Data entries =>
+ + + +

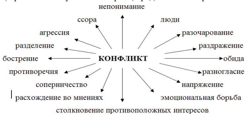
Рис. 1. Собираемая картина ассоциаций иностранных студентов, связанных со словом «конфликт»

В течение 2012 года, используя методы анкетирования, тестирования, интервьюирования, неформальных бесед и наблюдения, мы провели исследование состояния конфликтов в среде иностранных студентов БелГСХА им. В. Я Горина. Мы изучили отношение иностранных студентов к конфликтам, выявили их мнение относительно причин возникновения конфликтов, а также определили типичные формы их поведения в конфликтных ситуациях. Для того чтобы выяснить, что же такое конфликт в понимании иностранных студентов, мы использовали метод ассоциаций: студентам было предложено написать в центре альбомного листа слово «конфликт/conflict», затем на этом же листе было предложено записать вокруг слова «конфликт/conflict» все ассоциации, которые возникают у них, когда они слышат о конфликте. Собираемая картина ассоциаций иностранных студентов, принимавших участие в опросе, представлена на рис. 1.
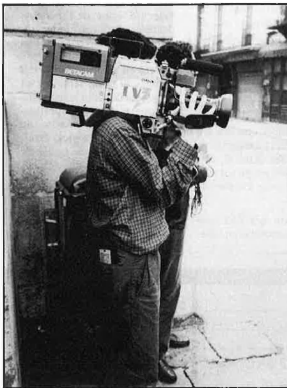
Les distintes televisions també tenen interès en arribar a tot arreu dels Països Catalans.

I un símptoma d'aquest canvi pot ser la publicitat d'una determinada marca d'ordinadors americans que, després d'una molt bona campanya en TV3, han començat a inserir anuncis en català en la premsa en castellà de
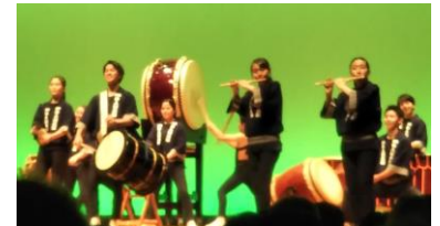
和太鼓部の見事な演奏風景！

6月22日、保土ヶ谷公会堂において「第9回定期演奏会『結』」が開催されました。毎年とても楽しみにしている和太鼓部の演奏はいつもながら見事で、満員の観客は大満足！ 内進生の高校生が活躍する中、中学生たちの頑張りがキラキラ輝いていました！
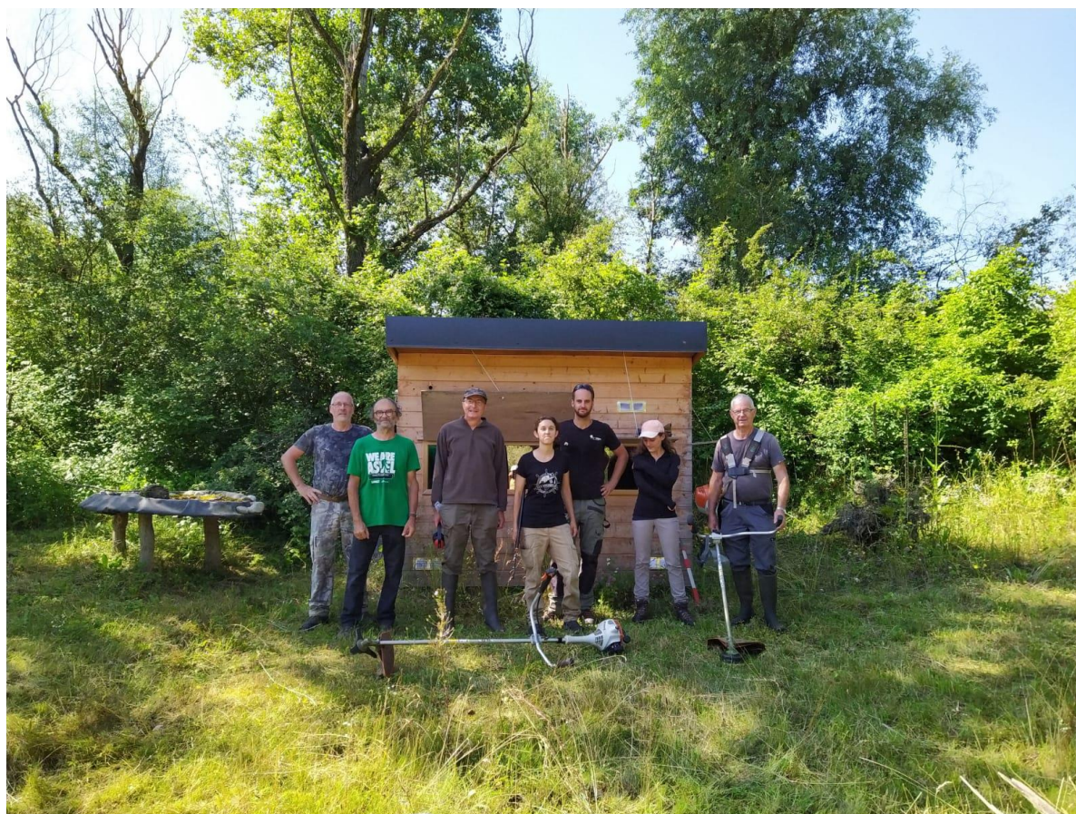
Collaboration entre APIE et ACCA pour favoriser l'accueil de la biodiversité à La Verne

L'APIE a organisé un chantier comme l'an passé afin de rouvrir ces secteurs. Cette année, elle a travaillé en collaboration avec l'ACCA de Vaulx-Milieu, que nous remercions pour sa participation. Ce jour-là, l'objectif était d'entretenir les milieux aux abords du sentier principal et des mares créées dans le cadre de la gestion du site. Ce chantier devrait être reconduit de façon annuelle.
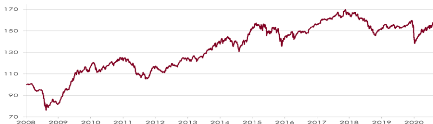
CHART WERTENTWICKLUNG NACH KOSTEN 1)
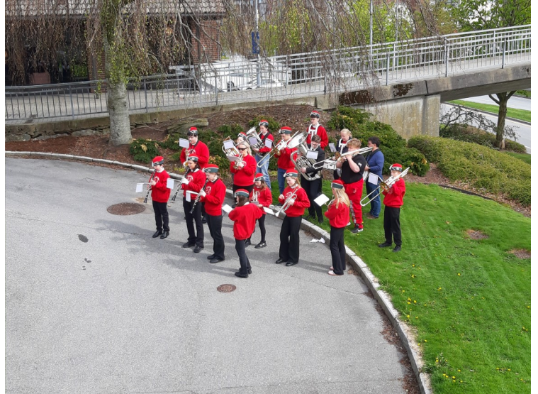
Et korps spilte utenfor hotellet.
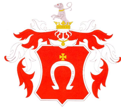
Рис. 7. Гетьман України Петро Конашевич-Сагайдачний (1582-1622) та його герб [12].
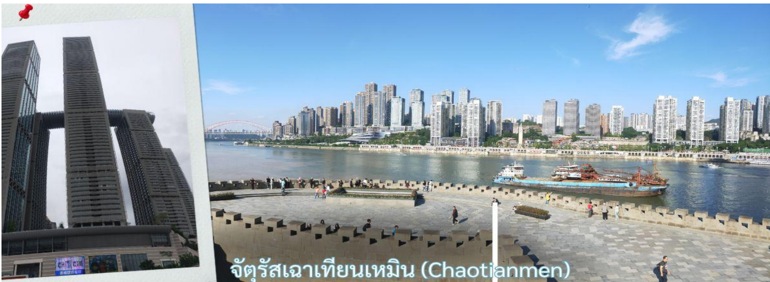
จัตุรัสเฉาเทียนเหมิน (Chaotianmen)

จากนั้น นำท่านเดินทางสู่ จัตุรัสเฉาเทียนเหมิน ซึ่งตั้งอยู่ ณ จุดบรรจบของ แม่น้ำแยงซี และ แม่น้ำเจียหลิง นับเป็นท่าเรือขนส่งทางน้ำที่ใหญ่ที่สุดของนครฉงชิ่ง และเป็นศูนย์กลางการค้าสำคัญมาอย่างยาวนาน บริเวณนี้ยังเป็นที่ตั้งของ ตลาดการค้าครบวงจรเฉาเทียนเหมิน ซึ่งถือเป็นตลาดขนาดใหญ่ที่สุดของฉงชิ่ง ทำให้พื้นที่โดยรอบเต็มไปด้วยผู้คนและมีชีวิตชีวาอยู่เสมอ ตั้งแต่อดีตจนถึงปัจจุบัน จัตุรัสแห่งนี้ได้รับการออกแบบให้มีลักษณะคล้ายเรือยักษ์ที่กำลังแล่นออกสู่สายน้ำอย่างสง่างาม จึงได้รับสมญานามว่า “โททานิคแห่งฉงชิ่ง” เมื่อยืนอยู่บนจัตุรัส ท่านจะสามารถมองเห็นภาพอันน่าประทับใจของจุดบรรจบระหว่างแม่น้ำสองสาย โดยน้ำสีเหลืองของแม่น้ำแยงซีและน้ำสีเขียวมรกตของแม่น้ำเจียหลิงไหลมาบรรจบกันอย่างชัดเจน สร้างทัศนียภาพที่สวยงามและเป็นเอกลักษณ์ของฉงชิ่งอย่างแท้จริง
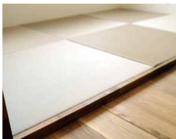
■ 畳ルーム 縁がなく、正方形の琉球畳ならモダンな空間ともコーディネートできる
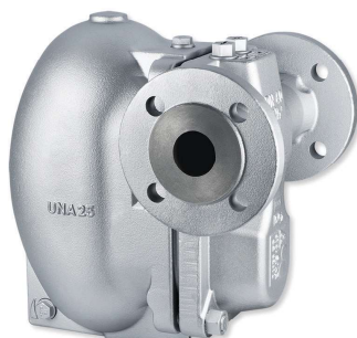
UNA 25 PS

ΛΕΙΤΟΥΡΓΙΑ: Η αυτόματη αντλία πλωτήρος εξασφαλίζει πως το συμπύκνωμα μπορεί πάντα να επιστρέψει ανεξαρτήτως της ζήτησης. Το συμπύκνωμα αντλείται έξω από το σώμα του εξοπλισμού με την χρήση - βοήθεια ατμού υψηλής πίεσης (booster steam)
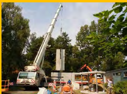
Setzen der ersten Wandscheibe
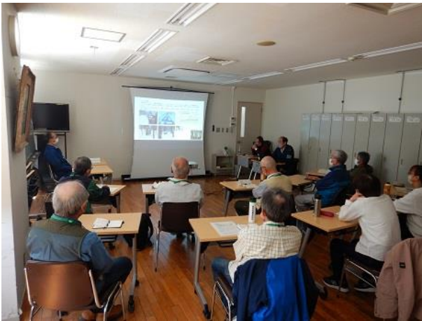
[当センター職員による座学の様子]

第 1 回目の森林づくり塾は、「森林と水について」と題して、森林と水の関わりを北海道森林管理局内会議室において当センター職員から座学を行った後、午後から札幌市水道記念館に移動し、森から水道水が届くまでの流れを学びました。
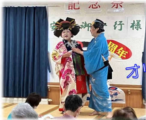
スタッフ オリジナル演劇

もし、ばんちょうで広めたいゲーム、趣味活動などございましたら、道具等もこちらで準備いたします。
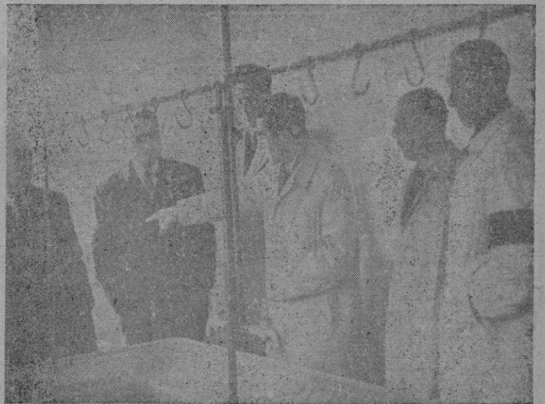
Los concurrentes al acto de inauguración de la ampliación del Matadero de Sóller examinando las nuevas instalaciones construidas con la aportación de Regiones Devastadas
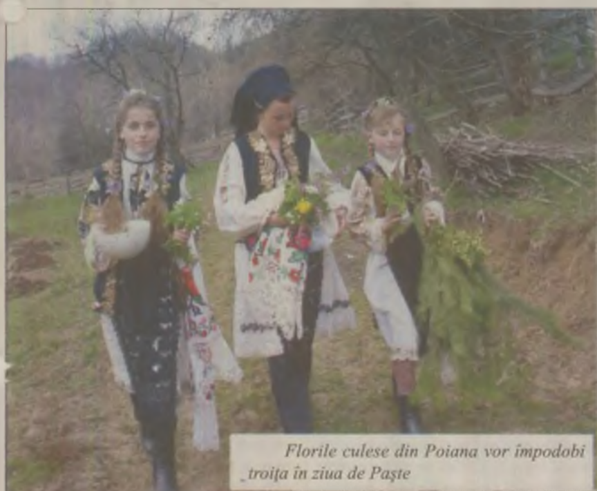
Florile culese din Poiana vor împodobi troița în ziua de Paște
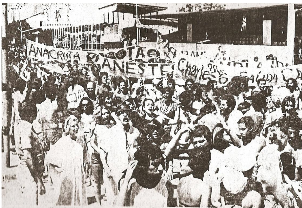
Imagem 9 - Num estilo irônico, os festeiros pediam por anestesia, ampla, geral e irrestrita, referindo-se, é claro, a anistia que no momento era tão desejada. Correio Braziliense: 02/1979.

Os foliões não somente cantavam os versos debochados da marchinha, como também carregavam faixas com pedidos de todas as ordens, sobressaindo, porém, o pedido de anistia irrestrita que contemplasse a todos os perseguidos pelo regime. Embalados pela marcha do Aiatolá, inúmeros festeiros não tardaram em engrossar as fileiras do bloco, formando um coro de vozes, faixas, e fantasias, assemelhavam-se a uma marcha, que embora fosse desfile carnavalesco, também operava como instrumento de crítica.
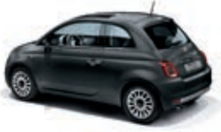
735 Carrara Grau
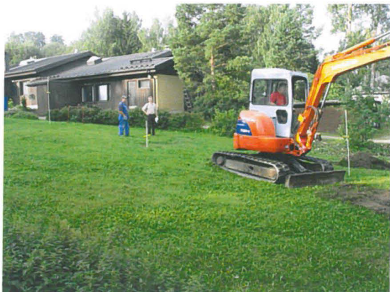
Kuva nro 2883:1. Äminnenranta 4. Nurmikkoalue ennen kaivamista. 22.8.2011 UR.
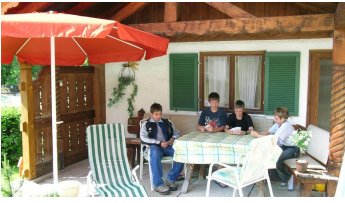
Terrasse für unsere Gäste
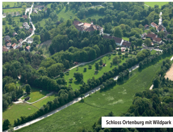
Schloss Ortenburg mit Wildpark

Mitglieder erhalten übrigens ermäßigten Eintritt in den Wild- und Vogelpark sowie zu verschiedenen Veranstaltungen der Ortenburger Schlosskultur.
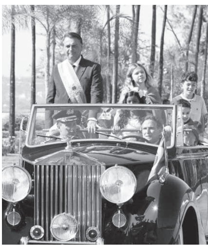
7日のボルソナロ大統領
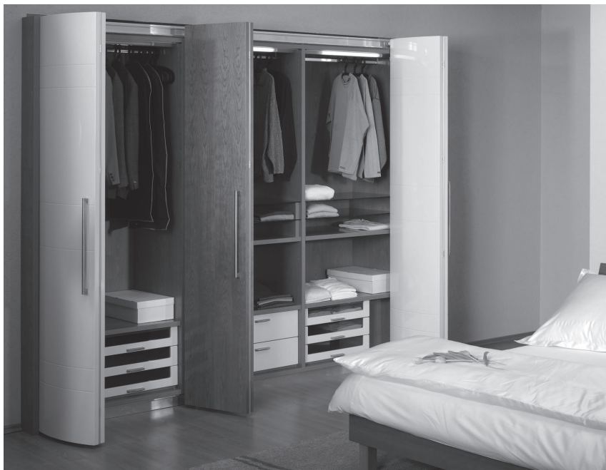
Obr. 3 Odstín vanilkové s třešňovou dýhou je elegantní kombinací

vždy berme velikost našeho bytu. Nevycházejme pouze z kvantitativní potřeby současnosti, vždy počítejme s tím, že některé věci přikoupíme a úložný prostor by měl mít rezervu.

+ + + +

Your instructions => Your task is to return the entries above exactly, with no pictures.

The completed task =>
Рис. 1. Собираемая картина ассоциаций иностранных студентов, связанных со словом «конфликт»

В течение 2012 года, используя методы анкетирования, тестирования, интервьюирования, неформальных бесед и наблюдения, мы провели исследование состояния конфликтов в среде иностранных студентов БелГСХА им. В. Я Горина. Мы изучили отношение иностранных студентов к конфликтам, выявили их мнение относительно причин возникновения конфликтов, а также определили типичные формы их поведения в конфликтных ситуациях. Для того чтобы выяснить, что же такое конфликт в понимании иностранных студентов, мы использовали метод ассоциаций: студентам было предложено написать в центре альбомного листа слово «конфликт/conflict», затем на этом же листе было предложено записать вокруг слова «конфликт/conflict» все ассоциации, которые возникают у них, когда они слышат о конфликте. Собираемая картина ассоциаций иностранных студентов, принимавших участие в опросе, представлена на рис. 1.
Les distintes televisions també tenen interès en arribar a tot arreu dels Països Catalans.

I un símptoma d'aquest canvi pot ser la publicitat d'una determinada marca d'ordinadors americans que, després d'una molt bona campanya en TV3, han començat a inserir anuncis en català en la premsa en castellà de
和太鼓部の見事な演奏風景！

6月22日、保土ヶ谷公会堂において「第9回定期演奏会『結』」が開催されました。毎年とても楽しみにしている和太鼓部の演奏はいつもながら見事で、満員の観客は大満足！ 内進生の高校生が活躍する中、中学生たちの頑張りがキラキラ輝いていました！
Collaboration entre APIE et ACCA pour favoriser l'accueil de la biodiversité à La Verne

L'APIE a organisé un chantier comme l'an passé afin de rouvrir ces secteurs. Cette année, elle a travaillé en collaboration avec l'ACCA de Vaulx-Milieu, que nous remercions pour sa participation. Ce jour-là, l'objectif était d'entretenir les milieux aux abords du sentier principal et des mares créées dans le cadre de la gestion du site. Ce chantier devrait être reconduit de façon annuelle.
CHART WERTENTWICKLUNG NACH KOSTEN 1)
Et korps spilte utenfor hotellet.
Рис. 7. Гетьман України Петро Конашевич-Сагайдачний (1582-1622) та його герб [12].
จัตุรัสเฉาเทียนเหมิน (Chaotianmen)

จากนั้น นำท่านเดินทางสู่ จัตุรัสเฉาเทียนเหมิน ซึ่งตั้งอยู่ ณ จุดบรรจบของ แม่น้ำแยงซี และ แม่น้ำเจียหลิง นับเป็นท่าเรือขนส่งทางน้ำที่ใหญ่ที่สุดของนครฉงชิ่ง และเป็นศูนย์กลางการค้าสำคัญมาอย่างยาวนาน บริเวณนี้ยังเป็นที่ตั้งของ ตลาดการค้าครบวงจรเฉาเทียนเหมิน ซึ่งถือเป็นตลาดขนาดใหญ่ที่สุดของฉงชิ่ง ทำให้พื้นที่โดยรอบเต็มไปด้วยผู้คนและมีชีวิตชีวาอยู่เสมอ ตั้งแต่อดีตจนถึงปัจจุบัน จัตุรัสแห่งนี้ได้รับการออกแบบให้มีลักษณะคล้ายเรือยักษ์ที่กำลังแล่นออกสู่สายน้ำอย่างสง่างาม จึงได้รับสมญานามว่า “โททานิคแห่งฉงชิ่ง” เมื่อยืนอยู่บนจัตุรัส ท่านจะสามารถมองเห็นภาพอันน่าประทับใจของจุดบรรจบระหว่างแม่น้ำสองสาย โดยน้ำสีเหลืองของแม่น้ำแยงซีและน้ำสีเขียวมรกตของแม่น้ำเจียหลิงไหลมาบรรจบกันอย่างชัดเจน สร้างทัศนียภาพที่สวยงามและเป็นเอกลักษณ์ของฉงชิ่งอย่างแท้จริง
■ 畳ルーム 縁がなく、正方形の琉球畳ならモダンな空間ともコーディネートできる
UNA 25 PS

ΛΕΙΤΟΥΡΓΙΑ: Η αυτόματη αντλία πλωτήρος εξασφαλίζει πως το συμπύκνωμα μπορεί πάντα να επιστρέψει ανεξαρτήτως της ζήτησης. Το συμπύκνωμα αντλείται έξω από το σώμα του εξοπλισμού με την χρήση - βοήθεια ατμού υψηλής πίεσης (booster steam)
Setzen der ersten Wandscheibe
[当センター職員による座学の様子]

第 1 回目の森林づくり塾は、「森林と水について」と題して、森林と水の関わりを北海道森林管理局内会議室において当センター職員から座学を行った後、午後から札幌市水道記念館に移動し、森から水道水が届くまでの流れを学びました。
スタッフ オリジナル演劇

もし、ばんちょうで広めたいゲーム、趣味活動などございましたら、道具等もこちらで準備いたします。
Los concurrentes al acto de inauguración de la ampliación del Matadero de Sóller examinando las nuevas instalaciones construidas con la aportación de Regiones Devastadas
Florile culese din Poiana vor împodobi troița în ziua de Paște
Imagem 9 - Num estilo irônico, os festeiros pediam por anestesia, ampla, geral e irrestrita, referindo-se, é claro, a anistia que no momento era tão desejada. Correio Braziliense: 02/1979.

Os foliões não somente cantavam os versos debochados da marchinha, como também carregavam faixas com pedidos de todas as ordens, sobressaindo, porém, o pedido de anistia irrestrita que contemplasse a todos os perseguidos pelo regime. Embalados pela marcha do Aiatolá, inúmeros festeiros não tardaram em engrossar as fileiras do bloco, formando um coro de vozes, faixas, e fantasias, assemelhavam-se a uma marcha, que embora fosse desfile carnavalesco, também operava como instrumento de crítica.
735 Carrara Grau
Kuva nro 2883:1. Äminnenranta 4. Nurmikkoalue ennen kaivamista. 22.8.2011 UR.
Terrasse für unsere Gäste
Schloss Ortenburg mit Wildpark

Mitglieder erhalten übrigens ermäßigten Eintritt in den Wild- und Vogelpark sowie zu verschiedenen Veranstaltungen der Ortenburger Schlosskultur.
7日のボルソナロ大統領
Obr. 3 Odstín vanilkové s třešňovou dýhou je elegantní kombinací

vždy berme velikost našeho bytu. Nevycházejme pouze z kvantitativní potřeby současnosti, vždy počítejme s tím, že některé věci přikoupíme a úložný prostor by měl mít rezervu.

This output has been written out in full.